This treaty shall be ratified and confirmed by Their Honourable Majesties
the two Kings within the shortest possible time, having regard to the common
interest of the two sides in this (being done). It shall come into force as from
the date of the exchange of the instruments of ratification, except as regards what
.has been laid down in article 1, relative to the ending of the state of war
immediately after its signature. It shall continue in force for a period of
twenty (20) complete lunar years. It may be renewed or modified during the
six months preceding its expiry. If not so renewed or modified by that date,
it shall remain in force until six months after such time as one party has given
notice to the other party of his desire to modify it.
Article 23.
This treaty shall be called the Treaty of Taif. It has been drawn up in
two copies in the noble Arabic language, each of the two high contracting parties
being in the possession of one copy.
In witness whereof each of the plenipotentiaries has affixed his signature.
Written in the city of Jedda( 1 ) on the sixth day of the month of Safar
thirteen hundred and fifty-three.
( 1 ) The treaty was signed at Taif and “ Jedda ” is probably only a slip.
Arbitration Covenant between the Saudi Arab Kingdom and the
Kingdom of the Yemen.
Whereas their Majesties the Imams King Abdul Aziz, King of the Saudi
Arab Kingdom, and King Yahya, King of the Yemen, have agreed in accordance
with article 8 of the Treaty of Peace, Friendship and Good Understanding,
known as the Treaty of Taif, signed on the 6th Safar, 1353, to refer to arbitration
any dispute or difference which may arise out of the relations between them, their
Governments and countries, when all friendly representations fail to settle it,
the two high contracting parties undertake to effect arbitration in the manner
shown in the following articles :—
Each of the two high contracting parties undertakes to accept reference of
the question in dispute to arbitration within one month of the date of receipt
of the other party of a demand for arbitration.
Article 2.
The arbitration shall be undertaken by a committee composed of an equal
number of arbitrators, half of whom shall be selected by each of the two parties.
A chief arbitrator shall be selected by mutual agreement between the two high
contracting parties.
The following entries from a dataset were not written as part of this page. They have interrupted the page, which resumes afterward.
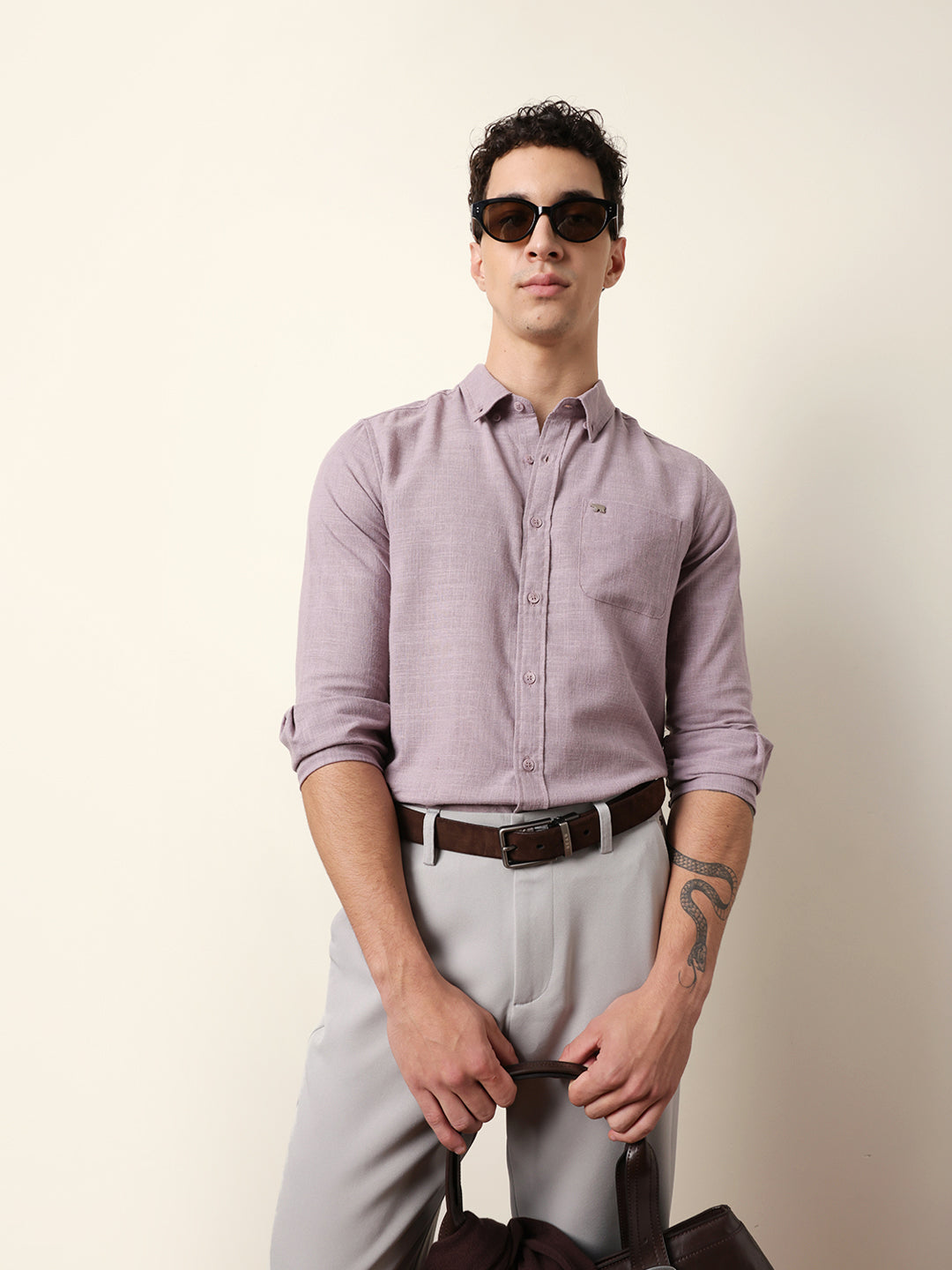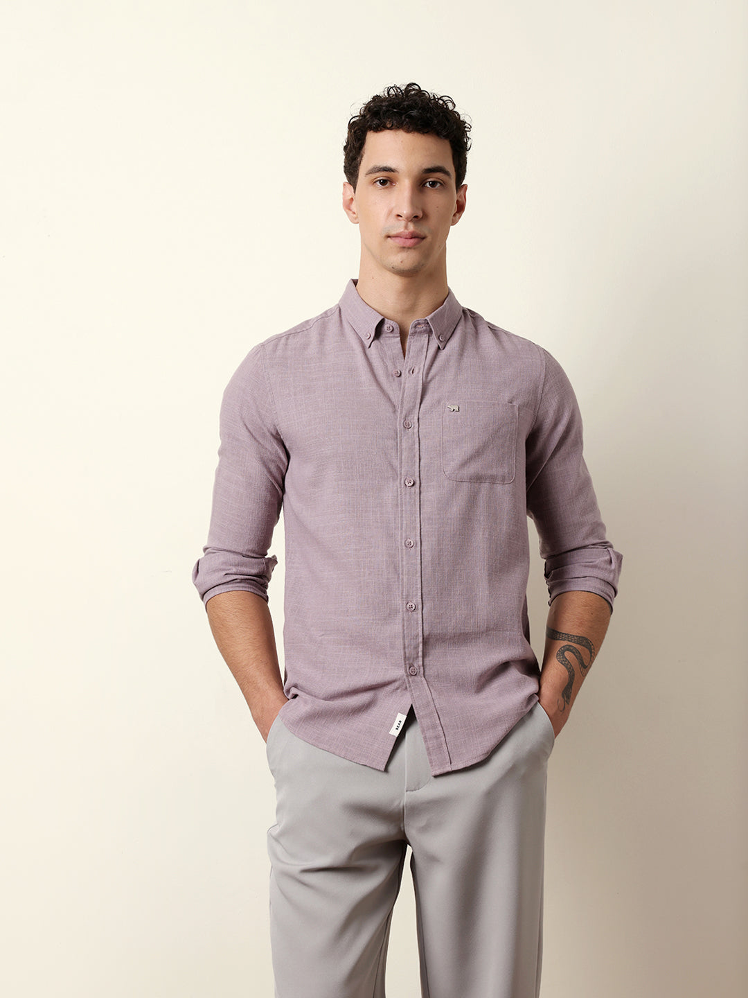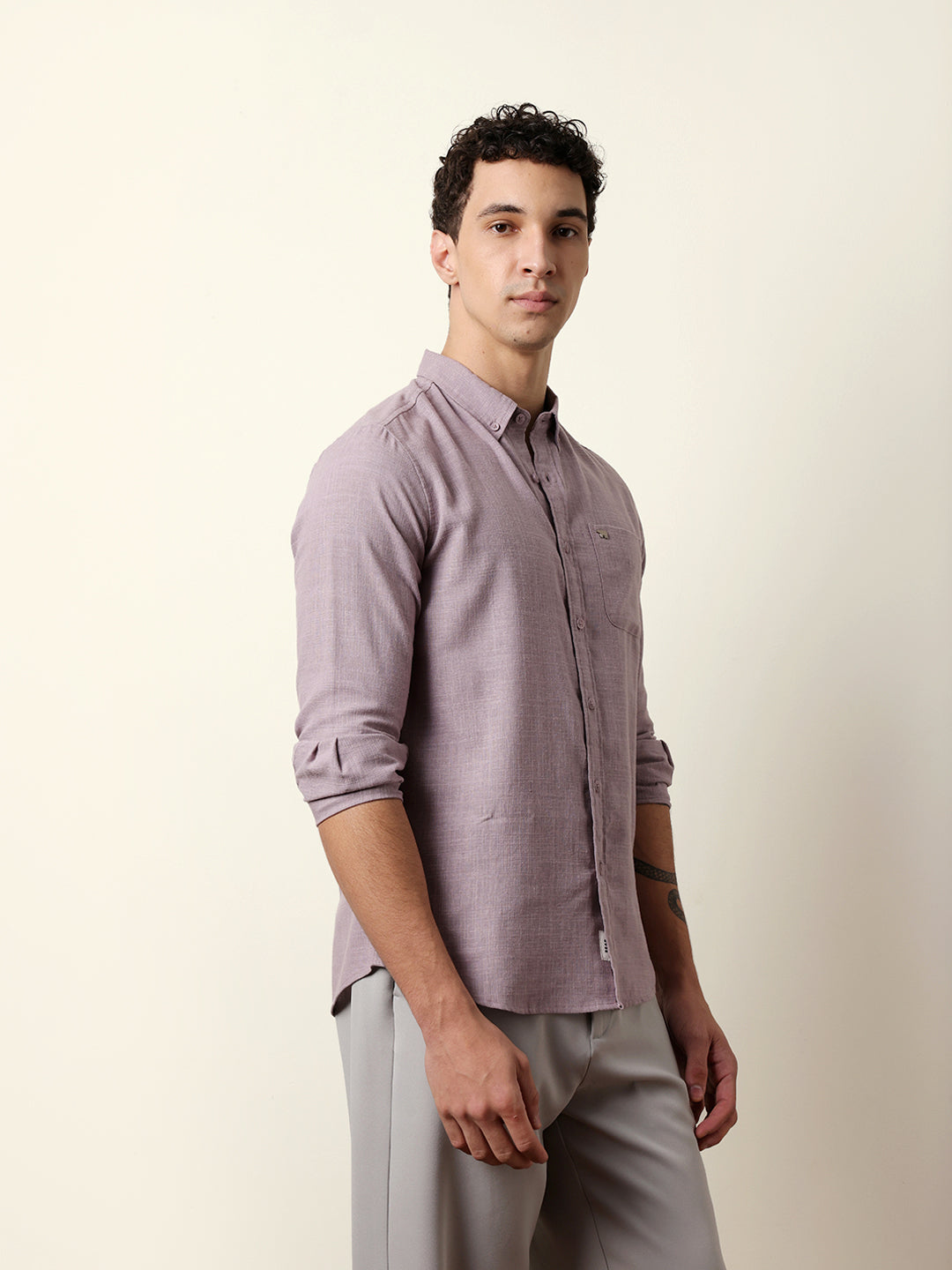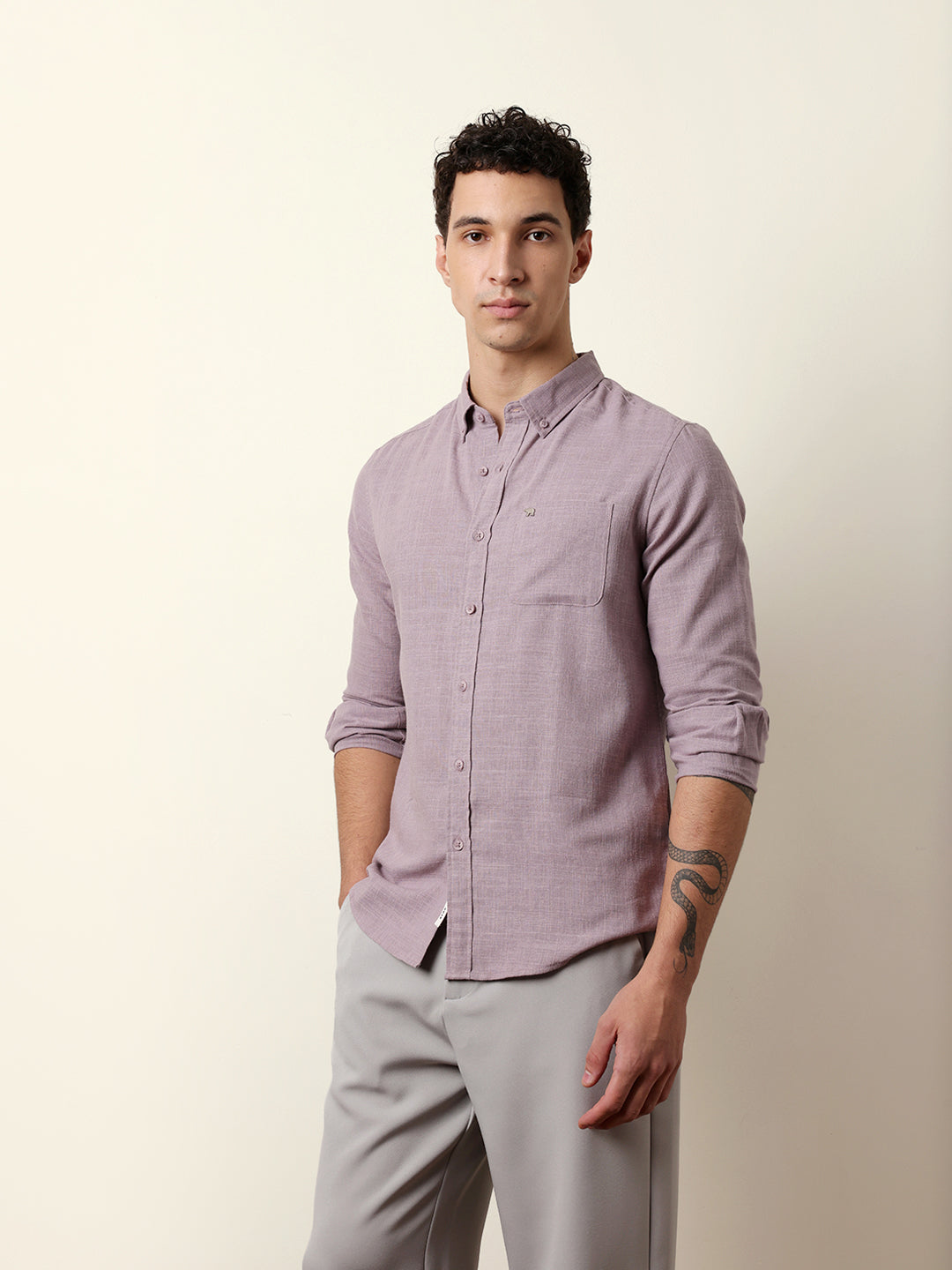 Purple Slub-Textured Woven Slim Fit Casual Shirt
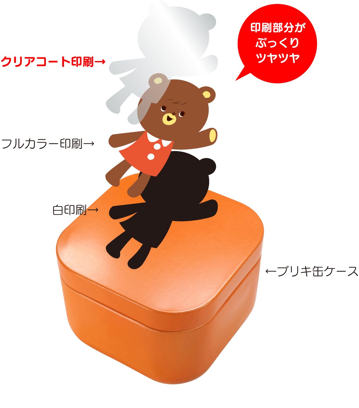 | 印刷面にクリアコート処理でぷっくり可愛く、キズも防げます。 ご注文時にクリアコートを選択するだけで簡単にご利用可能です。 フルカラー+白印刷後に印刷部分に光沢と厚みのあるクリアインクでコーティングします。ぷっくり厚みのある加工ですので、可愛いだけじゃなく、触っても楽しめます。表面の保護的な役割も果たしてくれますので、是非ご利用下さい。 ※クリアコート用にデータを用意する必要はありません。 ※クリアコート部分には気泡穴が入る場合があります。 特に広いベタで発生しやすくなり、品質上避けられません。予めご了承下さい。 ※料金が1個40円加算されます。 ※締切が1営業日加算されます。 |
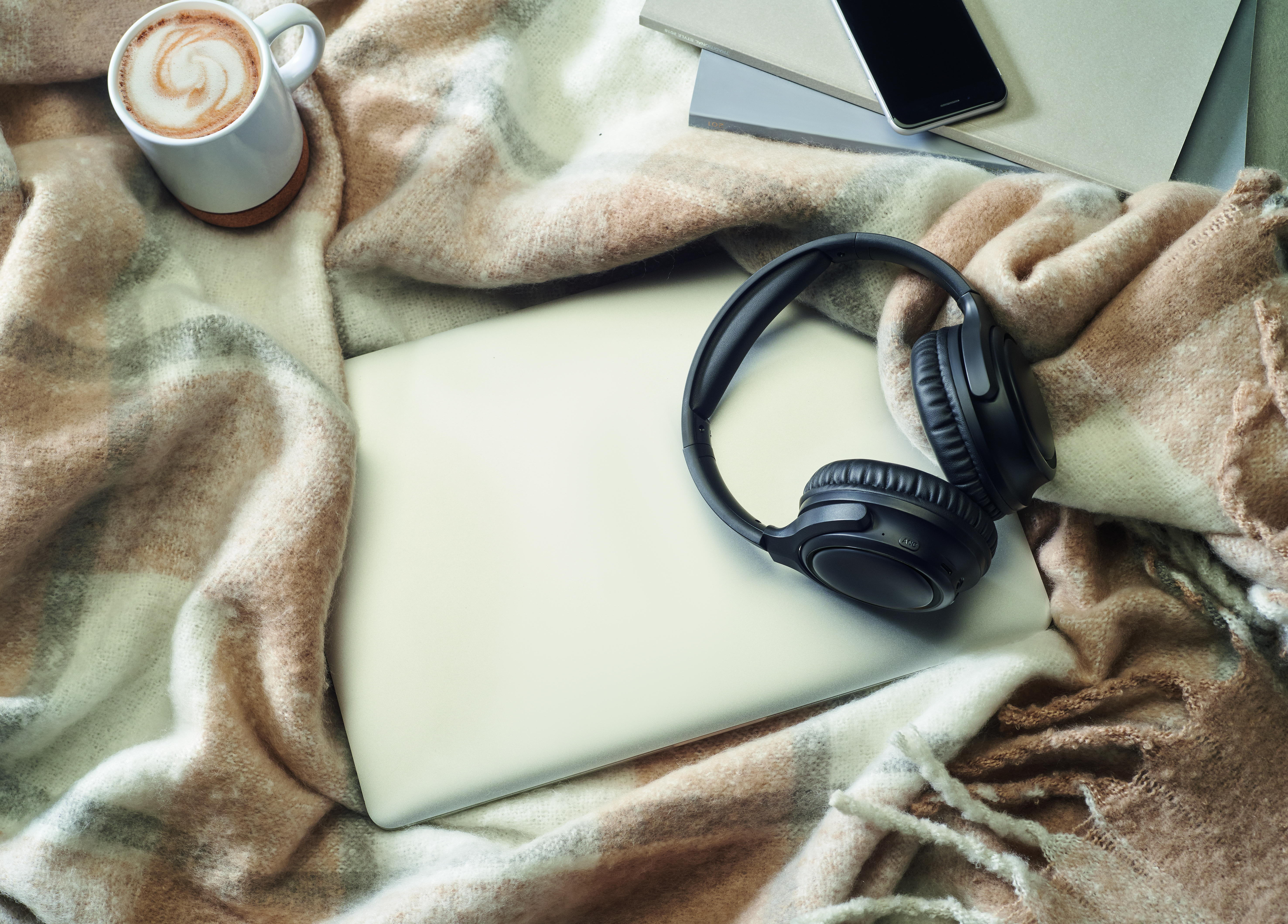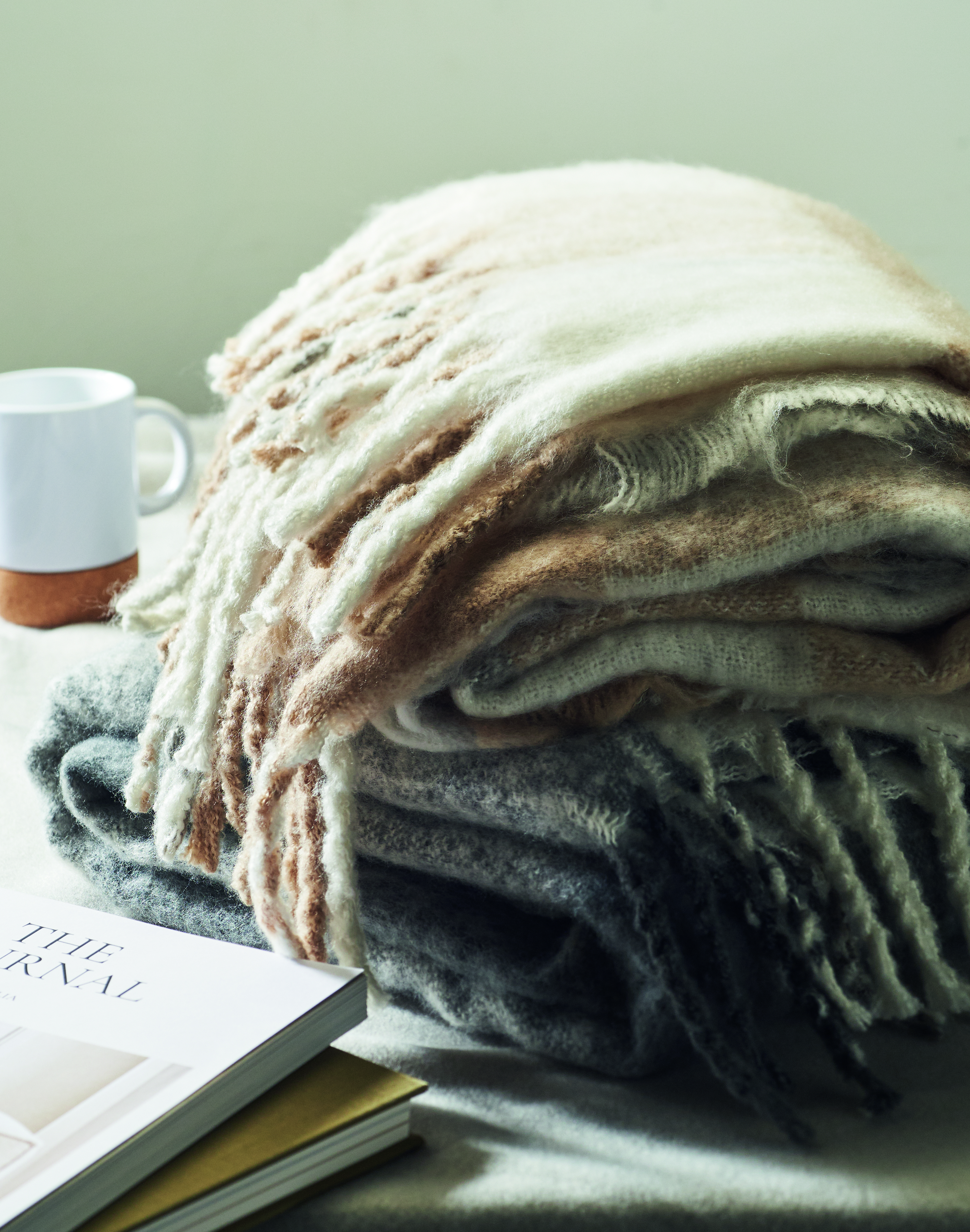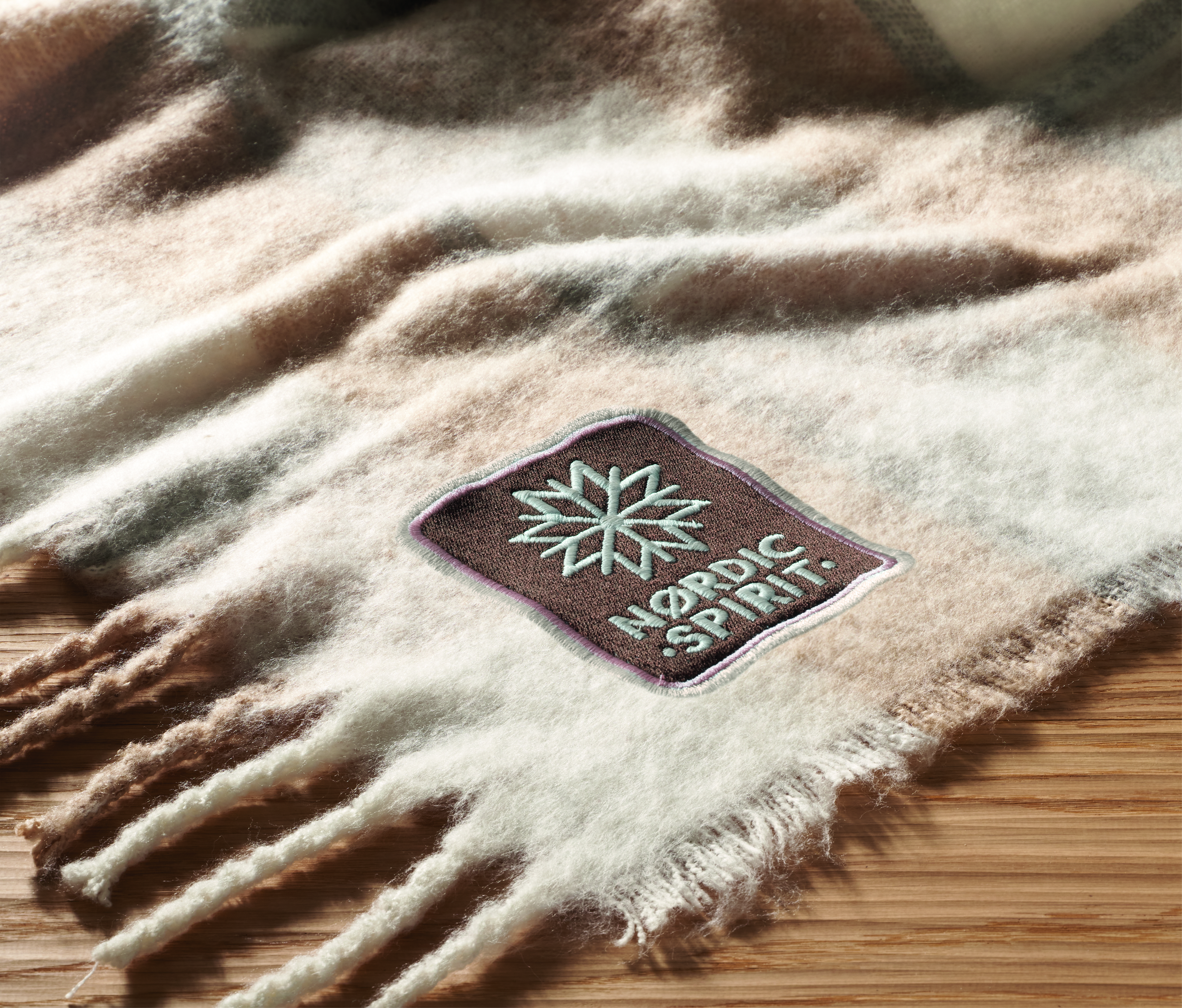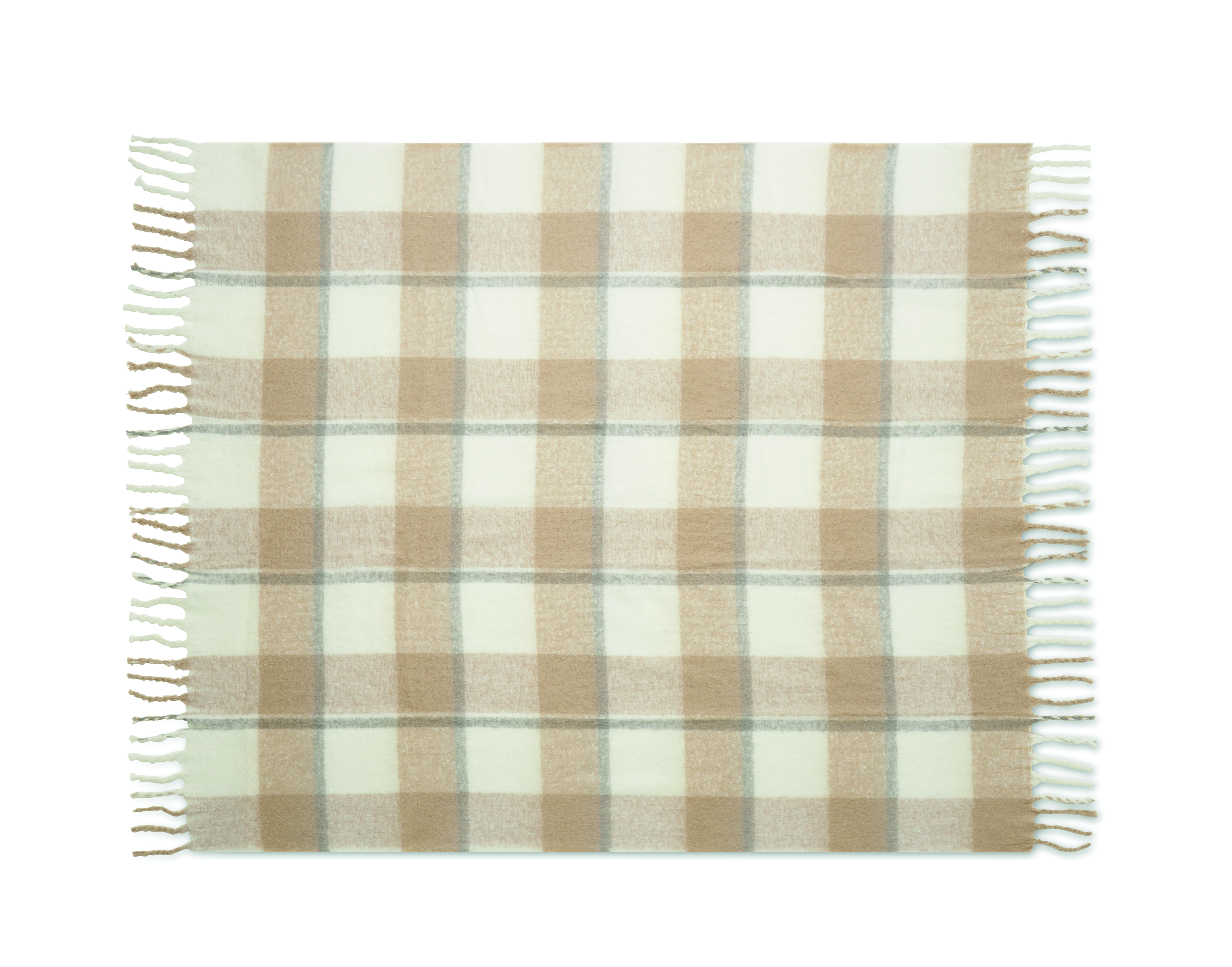 RPET Poliestrowy koc w kratkę z ręcznie zawijanymi frędzlami. Owinięty wstążką i kartą z nadrukiem.

If they do not agree in this respect, each of them shall
nominate a person, and if either party accepts the peison nominated by the other
party, the person in question shall become chief arbitrator. If even this cannot
be agreed upon, the chief arbitrator shall be chosen by ballot, on the understanding
that the ballot shall only be drawn on persons acceptable to both parties. The
person chosen by ballot shall become the head of the arbitration committee, and
entitled to settle the case. If, however, agreement cannot be arrived at on the
persons acceptable to both parties, negotiations shall be carried on until the two
parties agree on this point.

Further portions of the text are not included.